Before Julie's death, I had applied for an elementary principal job in a private school in Rome. When they decided to hire internally, I felt disappointment, but more because of Rome than the job. We began to wonder about just moving to Rome. Why not? My parents had married there in 1960, and we had spent all our vacations in Italy, plus I had previously lived in Florence and Milan for several years. Some friends began to think our idea was not crazy. We wondered aloud about the pros and cons, and suddenly, we had put the house on the market and that was that. It sold in two weeks.

There is much more to our story, and every day since we got here, there have been stories. But the real reason I am starting this new blog is because I want other caretakers of elders with dementia and Alzheimer's Disease to have hope. Well-meaning doctors prescribe medications, make health recommendations, try to show they care about their patients and their families. But our system of health care is not set up for a true personalized approach to chronic, neurodegenerative diseases. Alzheimer's Disease is now the third leading cause of death in the United States, and it affects more women than men, both as patients and caretakers. I have only just begun to dig into and research available sources of information that speak to non-experts, and so far, it's been pretty grim. Mostly what I've found is not what I was looking for. That motivated me to write.

Promising research by Dale Bredesen of UCLA at the Mary S. Easton Center for Alzheimer's Disease Research, published in the journal Aging in 2014 and 2016, led me to consider enhancements to my mother's treatment beyond the obvious notions of healthy diet, sufficient sleep and rest, exercise, and reducing stress. It was clear that reading the New York Times every morning, and watching the PBS Newshour every evening was creating a toxic anxiety for both of us as we wondered just how much worse things could get with each passing day of bad and then worse news. We both play and love music, but even Bach, Sinatra and Ella were not getting us through the dark times. The fresh flowers and farmer's markets of summer, plus visits from friends and family provided temporary relief, but as our departure date neared we couldn't wait to get to Italy.

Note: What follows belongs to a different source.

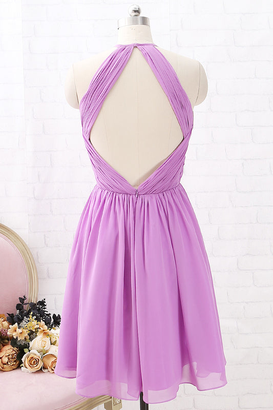 Vestido de dama de honor corto con cuello halter y espalda abierta de gasa de MACloth

In our first days in Rome, driving in our unfamiliar neighborhood, my cellphone service went out and we lost our navigation guidance (which was hilariously mispronouncing Italian street names). "Oh well," my mother said cheerfully, "usually when you get lost you learn something new." We made our way home using instinct and street signage, and it wasn't until the next day when I was driving alone that I realized how profound her sentiment was. In fact, I found myself driving on the previously unfamiliar streets that were now familiar as the ones I had taken back home the day before. I realized I was learning a new way to get back home. I vowed then and there to get lost every day in the hopes of learning something new. That is why I titled this blog Roads to Rome. I plan to get lost and learn something new, and share it with all of you.

Like the sampietrini stones of Rome, the road will likely be bumpy and full of holes. But that bit of green will poke through and give us hope. I just know it will.